> [YOUR OBJECTIVE] Your answer must be every line of the data that contains "were".

Stored dataset items:
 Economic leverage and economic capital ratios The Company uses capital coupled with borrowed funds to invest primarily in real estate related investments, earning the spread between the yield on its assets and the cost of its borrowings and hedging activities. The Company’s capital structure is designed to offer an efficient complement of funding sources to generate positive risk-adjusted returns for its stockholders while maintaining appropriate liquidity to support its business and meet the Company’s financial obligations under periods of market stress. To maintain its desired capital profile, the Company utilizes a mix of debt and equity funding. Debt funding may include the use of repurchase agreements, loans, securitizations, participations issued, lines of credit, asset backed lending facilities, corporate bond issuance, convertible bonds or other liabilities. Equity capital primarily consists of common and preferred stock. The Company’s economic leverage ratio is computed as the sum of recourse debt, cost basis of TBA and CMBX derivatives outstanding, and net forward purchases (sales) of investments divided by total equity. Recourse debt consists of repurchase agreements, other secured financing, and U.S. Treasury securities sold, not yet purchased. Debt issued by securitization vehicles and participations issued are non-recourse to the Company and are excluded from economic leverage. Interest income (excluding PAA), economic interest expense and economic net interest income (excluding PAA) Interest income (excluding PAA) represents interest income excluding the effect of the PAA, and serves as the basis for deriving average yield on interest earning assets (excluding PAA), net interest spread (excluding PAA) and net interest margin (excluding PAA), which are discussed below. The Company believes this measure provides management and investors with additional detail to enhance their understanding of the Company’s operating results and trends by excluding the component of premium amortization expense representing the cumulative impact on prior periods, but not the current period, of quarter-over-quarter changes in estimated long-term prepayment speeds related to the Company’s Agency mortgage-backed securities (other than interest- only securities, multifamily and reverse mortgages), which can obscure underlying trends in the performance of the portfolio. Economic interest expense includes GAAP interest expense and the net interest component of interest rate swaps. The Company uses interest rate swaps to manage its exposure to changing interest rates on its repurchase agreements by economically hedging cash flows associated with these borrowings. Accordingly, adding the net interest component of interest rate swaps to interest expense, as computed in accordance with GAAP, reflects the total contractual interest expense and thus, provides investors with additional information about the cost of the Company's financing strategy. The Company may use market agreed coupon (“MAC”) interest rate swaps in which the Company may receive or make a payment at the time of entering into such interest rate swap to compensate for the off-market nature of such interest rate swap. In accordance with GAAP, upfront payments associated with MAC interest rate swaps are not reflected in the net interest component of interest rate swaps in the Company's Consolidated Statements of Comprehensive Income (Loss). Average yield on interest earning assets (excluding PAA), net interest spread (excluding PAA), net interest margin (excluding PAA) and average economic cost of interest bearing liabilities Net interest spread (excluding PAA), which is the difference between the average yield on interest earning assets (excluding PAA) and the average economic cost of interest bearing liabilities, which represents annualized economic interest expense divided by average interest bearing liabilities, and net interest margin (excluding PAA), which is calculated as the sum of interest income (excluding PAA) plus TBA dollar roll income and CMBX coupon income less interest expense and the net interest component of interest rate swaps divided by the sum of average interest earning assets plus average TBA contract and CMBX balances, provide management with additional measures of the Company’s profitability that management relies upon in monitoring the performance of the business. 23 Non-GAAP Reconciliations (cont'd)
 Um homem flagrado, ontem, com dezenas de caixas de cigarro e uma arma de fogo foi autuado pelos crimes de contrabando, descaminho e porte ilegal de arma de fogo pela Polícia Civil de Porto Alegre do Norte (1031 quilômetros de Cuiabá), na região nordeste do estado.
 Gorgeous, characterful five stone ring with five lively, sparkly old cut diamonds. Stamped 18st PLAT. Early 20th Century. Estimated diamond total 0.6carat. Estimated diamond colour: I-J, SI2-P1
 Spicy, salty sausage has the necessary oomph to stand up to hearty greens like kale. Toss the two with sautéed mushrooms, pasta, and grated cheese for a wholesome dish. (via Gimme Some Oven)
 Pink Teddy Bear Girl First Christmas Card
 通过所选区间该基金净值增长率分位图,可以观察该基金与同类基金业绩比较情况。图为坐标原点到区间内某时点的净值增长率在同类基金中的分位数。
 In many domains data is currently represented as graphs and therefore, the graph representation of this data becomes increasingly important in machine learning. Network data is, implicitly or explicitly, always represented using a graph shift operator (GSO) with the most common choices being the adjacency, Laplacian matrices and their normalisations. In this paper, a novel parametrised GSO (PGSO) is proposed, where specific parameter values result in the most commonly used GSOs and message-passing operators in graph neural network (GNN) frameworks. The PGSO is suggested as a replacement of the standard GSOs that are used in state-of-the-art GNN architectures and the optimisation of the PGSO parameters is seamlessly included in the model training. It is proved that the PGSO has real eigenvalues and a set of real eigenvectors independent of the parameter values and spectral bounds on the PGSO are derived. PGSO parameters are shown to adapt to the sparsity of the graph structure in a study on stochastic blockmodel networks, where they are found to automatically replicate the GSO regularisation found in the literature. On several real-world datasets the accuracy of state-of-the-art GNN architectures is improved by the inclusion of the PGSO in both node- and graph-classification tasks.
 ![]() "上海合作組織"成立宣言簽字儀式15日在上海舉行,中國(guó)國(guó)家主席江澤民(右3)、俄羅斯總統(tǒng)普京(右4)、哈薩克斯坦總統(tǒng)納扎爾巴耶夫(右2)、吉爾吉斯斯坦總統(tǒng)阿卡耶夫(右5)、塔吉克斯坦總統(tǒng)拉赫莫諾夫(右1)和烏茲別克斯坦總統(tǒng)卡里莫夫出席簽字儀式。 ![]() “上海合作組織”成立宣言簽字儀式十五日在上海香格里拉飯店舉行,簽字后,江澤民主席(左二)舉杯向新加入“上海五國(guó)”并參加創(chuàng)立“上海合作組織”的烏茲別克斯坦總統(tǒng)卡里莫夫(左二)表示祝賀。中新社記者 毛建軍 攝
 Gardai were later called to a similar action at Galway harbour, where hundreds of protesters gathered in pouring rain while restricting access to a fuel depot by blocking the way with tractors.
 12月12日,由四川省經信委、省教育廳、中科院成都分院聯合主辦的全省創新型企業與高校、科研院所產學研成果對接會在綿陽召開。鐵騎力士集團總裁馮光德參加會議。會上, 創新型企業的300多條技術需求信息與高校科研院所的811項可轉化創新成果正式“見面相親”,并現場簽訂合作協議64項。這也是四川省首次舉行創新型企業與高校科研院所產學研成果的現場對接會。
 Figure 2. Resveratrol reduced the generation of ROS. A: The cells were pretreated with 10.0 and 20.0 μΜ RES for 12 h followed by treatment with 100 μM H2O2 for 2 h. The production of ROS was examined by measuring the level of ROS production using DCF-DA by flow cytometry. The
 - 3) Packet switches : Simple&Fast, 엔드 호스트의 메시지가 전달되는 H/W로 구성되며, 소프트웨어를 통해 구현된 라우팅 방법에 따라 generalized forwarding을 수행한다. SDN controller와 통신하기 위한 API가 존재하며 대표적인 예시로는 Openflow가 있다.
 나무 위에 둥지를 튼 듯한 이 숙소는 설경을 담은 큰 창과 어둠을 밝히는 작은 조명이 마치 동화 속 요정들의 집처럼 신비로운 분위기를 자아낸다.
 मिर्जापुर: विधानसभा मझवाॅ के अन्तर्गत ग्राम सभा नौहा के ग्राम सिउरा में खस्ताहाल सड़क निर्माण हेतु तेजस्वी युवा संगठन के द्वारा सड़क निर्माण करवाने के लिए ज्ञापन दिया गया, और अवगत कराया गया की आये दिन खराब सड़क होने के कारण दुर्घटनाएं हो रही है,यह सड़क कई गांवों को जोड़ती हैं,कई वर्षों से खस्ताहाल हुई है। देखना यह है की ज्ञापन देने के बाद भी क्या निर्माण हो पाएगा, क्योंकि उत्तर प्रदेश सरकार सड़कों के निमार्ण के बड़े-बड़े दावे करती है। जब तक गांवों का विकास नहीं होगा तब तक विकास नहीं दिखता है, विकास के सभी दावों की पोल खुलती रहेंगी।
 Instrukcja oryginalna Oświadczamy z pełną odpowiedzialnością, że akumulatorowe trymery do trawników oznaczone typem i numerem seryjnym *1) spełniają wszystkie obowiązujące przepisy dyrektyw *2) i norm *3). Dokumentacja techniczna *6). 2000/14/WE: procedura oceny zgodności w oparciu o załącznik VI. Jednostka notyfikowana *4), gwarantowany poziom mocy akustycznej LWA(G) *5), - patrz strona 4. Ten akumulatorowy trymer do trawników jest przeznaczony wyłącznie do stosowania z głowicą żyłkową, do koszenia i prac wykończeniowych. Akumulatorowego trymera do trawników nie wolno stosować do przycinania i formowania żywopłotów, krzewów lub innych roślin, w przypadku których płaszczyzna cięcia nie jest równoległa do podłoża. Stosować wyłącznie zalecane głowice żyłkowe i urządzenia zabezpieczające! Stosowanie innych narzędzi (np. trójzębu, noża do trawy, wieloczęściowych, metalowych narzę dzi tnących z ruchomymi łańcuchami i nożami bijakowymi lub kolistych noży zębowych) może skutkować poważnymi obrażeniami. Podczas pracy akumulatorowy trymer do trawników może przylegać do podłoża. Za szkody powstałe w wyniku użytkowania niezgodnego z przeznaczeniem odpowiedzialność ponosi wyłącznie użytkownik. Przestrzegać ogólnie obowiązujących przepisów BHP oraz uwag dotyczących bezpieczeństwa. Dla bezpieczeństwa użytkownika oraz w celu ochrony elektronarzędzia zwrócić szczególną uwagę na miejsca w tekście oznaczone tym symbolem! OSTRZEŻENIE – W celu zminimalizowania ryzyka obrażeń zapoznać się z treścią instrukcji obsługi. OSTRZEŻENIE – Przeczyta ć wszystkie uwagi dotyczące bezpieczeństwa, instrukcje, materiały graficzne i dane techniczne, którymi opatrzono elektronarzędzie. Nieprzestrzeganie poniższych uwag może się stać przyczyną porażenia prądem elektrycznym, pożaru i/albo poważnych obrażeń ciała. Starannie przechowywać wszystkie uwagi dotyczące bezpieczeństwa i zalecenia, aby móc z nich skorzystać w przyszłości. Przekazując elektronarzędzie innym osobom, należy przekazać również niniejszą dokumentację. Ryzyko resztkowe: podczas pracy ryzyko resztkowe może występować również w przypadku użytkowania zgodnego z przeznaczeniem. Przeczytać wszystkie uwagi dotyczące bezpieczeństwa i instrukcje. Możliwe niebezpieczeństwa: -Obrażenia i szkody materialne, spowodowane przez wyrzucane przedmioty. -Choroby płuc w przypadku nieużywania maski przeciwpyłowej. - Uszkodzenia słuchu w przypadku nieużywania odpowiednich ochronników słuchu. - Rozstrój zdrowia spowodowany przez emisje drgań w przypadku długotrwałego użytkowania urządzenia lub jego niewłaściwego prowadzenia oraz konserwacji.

> [TASK RESULT]
 Gardai were later called to a similar action at Galway harbour, where hundreds of protesters gathered in pouring rain while restricting access to a fuel depot by blocking the way with tractors.
 Figure 2. Resveratrol reduced the generation of ROS. A: The cells were pretreated with 10.0 and 20.0 μΜ RES for 12 h followed by treatment with 100 μM H2O2 for 2 h. The production of ROS was examined by measuring the level of ROS production using DCF-DA by flow cytometry. The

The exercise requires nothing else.